Not finding any evidence why, but the Avamar client agent created a new f_cache2.dat file in the next backup job that was run after cancelling a "hung" backup - and of course, it did this on a file server with millions of files that is experiencing performance issues with Avamar backups regardless of them being seeds or not.
Is there any condition where the Avamar agent file cache could be "corrupted" or otherwise "messed up" that would not cause a running backup job to fail outright? Anything that occurs "right at the end" of a backup session after all the files have been scanned?
The first thing that comes to mind is that the f_cache2.dat file wasn't closed properly when the "hung" backup was cancelled - could that be a possibility? If so, as mentioned before, what part(s) of the "backup wrapup" could have had issues to cause that to happen?
All comments/feedback appreciated - thanks.
The only time I've seen something like this is when the client filesystem filled to capacity while the cache was flushing. Is it possible this is what happened on the client? That could explain both symptoms.
Per my understanding, f_cache2.dat will be created if you are moving backup to DD.
Size of f_cache2.dat will be significantly bigger than f_cache.dat. In f_cache2.dat, there are multiple pages to update the files attributes. One page size is around 6.7MB. The number of pages will increase with the number of new files.
You should be able to see similar logs at the end of a backup-
2018-02-05 00:19:09 avtar Info <18895>: Cache update complete /usr/local/avamar/var/f_cache2.dat (696 pages in all backups in cache)
2018-02-05 00:19:09 avtar Info <5069>: - Writing cache file "/usr/local/avamar/var/p_cache.dat"
2018-02-05 00:19:13 avtar Info <5546>: Cache update complete /usr/local/avamar/var/p_cache.dat (1536.0 MiB of 2047 MiB max)
In above example, the size of f_cache2.dat will be 6.7 x 696 = 4663 MBs.
The backups in question have always been going to a Data Domain, so there was no moving involved - unless there was some kind of "disconnect" in terms of knowing that there were previous backups to the Data Domain.
I've had cache files rebuild automatically due to some kind of error/incompatibility in the cache file after I pushed an Avamar agent upgrade to a server (e.g. 7.1.102-21 upgraded to 7.3.0-233). Nowadays I know to delete the file if I ever upgrade the agent. But you'd see very clearly in the log that Avamar was rebuilding the cache, and if I recall correctly it would throw a "completed with exceptions" error. Is that so for you?
In my case, there was no upgrade involved. Also, in each case, the backup was in enough of a hung/stuck/stalled state that it would not complete on its own and had to be cancelled.
And I am saying "in each case" now because the issue occurred again, albeit under slightly different circumstances - but the main symptoms were similar enough, and the primary aspect in both cases are that on the next client backup, the file cache appears to be recreated "from scratch", as if it was the first backup that the client had ever performed.
In my mind, relative to where in the overall process the session hangs, I don't believe that the cache files get properly closed when the session gets cancelled, and so on the next backup, the agent sees that and just creates new ones. It's not quite the same behavior as when there are volume capacity issues and the cache files can't grow any larger, but in both cases you end up with open cache files that are in a "what the heck do I do now" state.
I am likely going to log an SR for this, because it is occurring on a file server with 25 million files and 20TB of data - so having failures that result in multiple "seeding" backups is not something the customer is going to put up with. Also, the most recent failure on this client ties in with issues on the associated Avamar node around the same time, so I need to determine whether there is any relationship between those issues and verify that everything that might be going on is resolved.
FWIW, I'll try to follow up and post the sections of the respective logs where the processes have "hung" so as to provide better perspective on the issue, as well as any Support feedback I get going forward.
It should not be necessary to delete the cache file after an upgrade unless there are exceptional circumstances.
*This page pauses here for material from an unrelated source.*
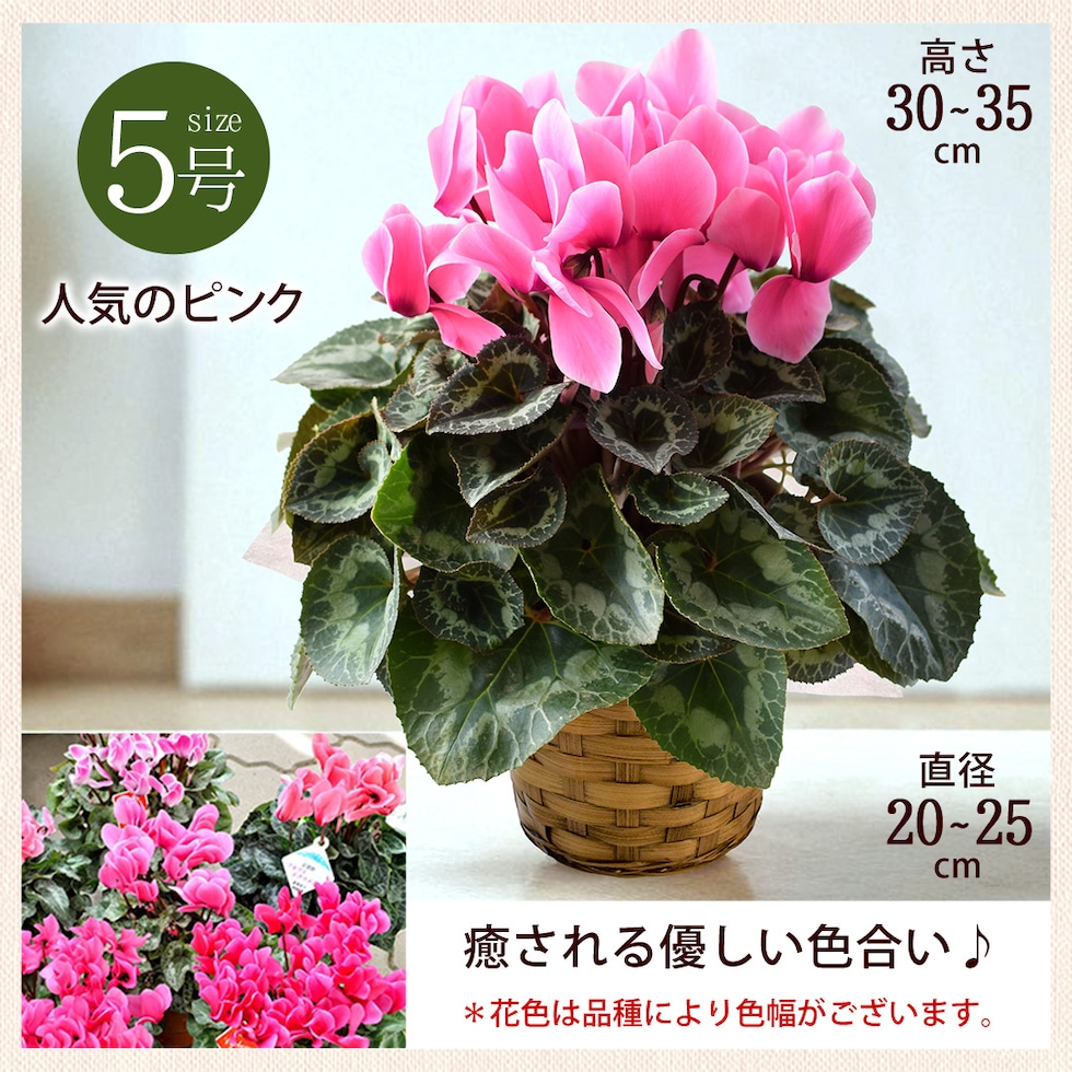 [11/15~12/25届] シクラメン 5号「人気のピンク」バスケット付【手提げ袋付】※北海道・沖縄はお届け不可 花由

Replicating a 20TB backup in an Avamar / DD configuration is likely going to be problematic. The customer will probably need to split up this dataset either way.
Ian, we saw the problem too many times not to conclude that it had something to do with the upgrade. It might have been the significance of the changes between 7.1 and 7.3 agents (and thus won't happen again if we do smaller upgrades) that caused the failures but in any case it's not impactful enough to our environment not to delete the cache file as a precaution.
I know we did have some issues with the paging cache in older releases but these should be resolved now. I just don't want people to see your post and think they need to delete the cache files every time. Since 90+% of the performance gain from the Avamar client comes from the file cache, that could have a devastating impact on backup performance in a large environment.